Director Nicholas Ray’s subversively twisted portrait of suburban life centers on a teacher (James Mason) who becomes addicted to a new drug, cortisone, and experiences visionary, tyrannical delusions. Ray’s superb use of color and shot composition reaches a deliriously surreal intensity here that at times borders on the psychedelic. In addition to one of Mason’s finest performances, there’s also standout work from co-stars Barbara Rush and Walter Matthau.


JOHNNY GUITAR
1954, Republic (Paramount), 110 min, USA, Dir: Nicholas Ray

Joan Crawford is headstrong Vienna, a saloon owner waiting for the railroad to reach her town. Her friendship with charming outlaw the Dancing Kid (Scott Brady) jeopardizes her standing in the local community. Uptight landowners led by jealous Emma (a frightening Mercedes McCambridge) will do anything to repress her yen for the Kid, even if it means lynching half the town to do it. Enter Vienna’s old flame, Johnny (Sterling Hayden), a quick-draw who’s given up guns for a guitar.
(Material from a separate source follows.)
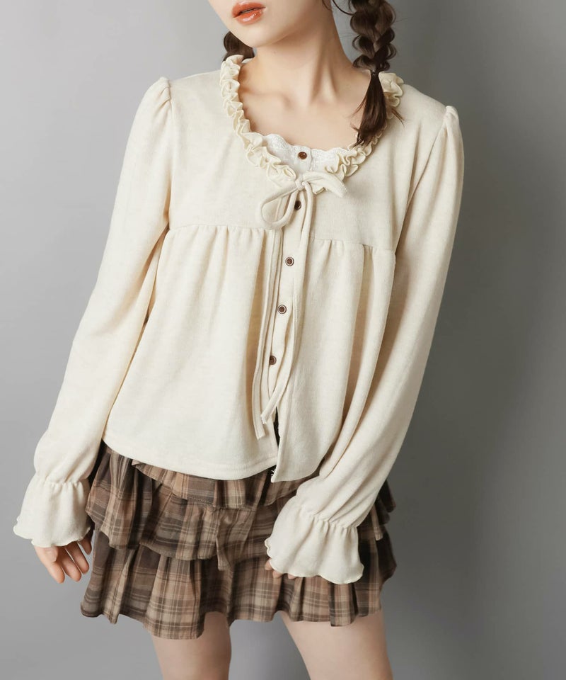 2:フリルとレイヤードのさりげないレースがガーリー感あって可愛い

Only director Nicholas Ray could pull off this color-coded, violent, romantic tall tale rife with allegorical references to the rabid right wing of 1950s America. Victor Young did the lush score, with Peggy Lee singing the torrid theme song. Co-starring Ward Bond, Ernest Borgnine, John Carradine.


ON DANGEROUS GROUND
1951, Warner Bros., 82 min, USA, Dir: Nicholas Ray

Violent, embittered metro cop Jim Wilson (Robert Ryan) gets sent upstate to cool off and investigate a small-town murder probe. The search leads him to a fateful confrontation with local blind woman Mary (Ida Lupino, magnificent) and his own black heart. Sterling contributions all around: writer A.I. Bezzerides’ savvy script, Ray’s vigorous direction and location shooting, Bernard Herrmann’s alternately brassy and soft score and Ryan’s ferocious performance make this one of the genre’s most affecting statements about anger and alienation in the big city.